The purpose of the entity, which may be stated as “any lawful purpose for which a nonprofit corporation may be formed under the BOC.”
If the corporation is to have no members, a statement to that effect.
If management of the affairs of the corporation is to be vested in the nonprofit corporation’s members, a statement to that effect.
The names and addresses of the initial board of directors of the corporation, which must be at least three (3) individuals. Alternatively, if the management of the corporation is to be vested solely in its members, a statement to that effect.
The period of duration of the entity, if not perpetual. Pursuant to section 3.003 of the BOC, a domestic filing entity exists perpetually unless otherwise provided in its certificate of formation. An SOS form for the formation of an entity does not contain a provision for the limitation of duration of the entity. If you wish to limit the duration of the filing entity, you may provide for a limited duration in the “Supplemental Provisions/Information” section of the SOS form.
The registered office street address and the name of the registered agent at such office address.
If the nonprofit corporation is to be authorized on its winding up to distribute the corporation’s assets in a manner other than as provided by section 22.304, a statement describing the manner of distribution.
The name and address of each organizer. Generally, only one organizer is required for a nonprofit corporation that is created and governed by the BOC.
Section 3.004 of the BOC sets forth the general requirements for organizers. An organizer may be a natural person 18 years of age or older, or a corporation or other legal entity.
Although there are no residency requirements for an organizer under the BOC, other state or federal law may require an organizer, owner, or governing person to meet additional or more restrictive requirements.
Any supplemental information required to be included in the certificate of formation for the entity type. (See item 2 below.)
Any other information or provisions not inconsistent with the law governing the entity relating to the organization, ownership, governance, business, or affairs of the entity.
The minimum requirements for a certificate of formation for a nonprofit corporation are included in SOS form 202. The form however does not include language that would be required by the Internal Revenue Service for purposes of obtaining a tax-exempt status. For further information on how to obtain a tax-exempt status for your organization, please refer to the IRS publication 557, which is available from the IRS web site at http://www.irs.gov/pub/irspdf/p557.pdf. It is recommended that this publication be consulted before drafting and submitting the certificate of formation.

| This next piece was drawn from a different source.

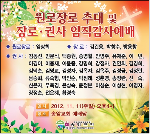 Copyright ¨Ï songam Presbyterian Church. All rights reserved. Produced by

Do not use SOS form 202 if forming a special purpose nonprofit corporation, such as a local government corporation, water supply corporation, or cemetery corporation. The statutes authorizing creation of a special purpose corporation generally impose additional or different requirements for formation than the requirements found in chapter 3 of the BOC; review the statute authorizing the formation of the special purpose corporation for specific requirements.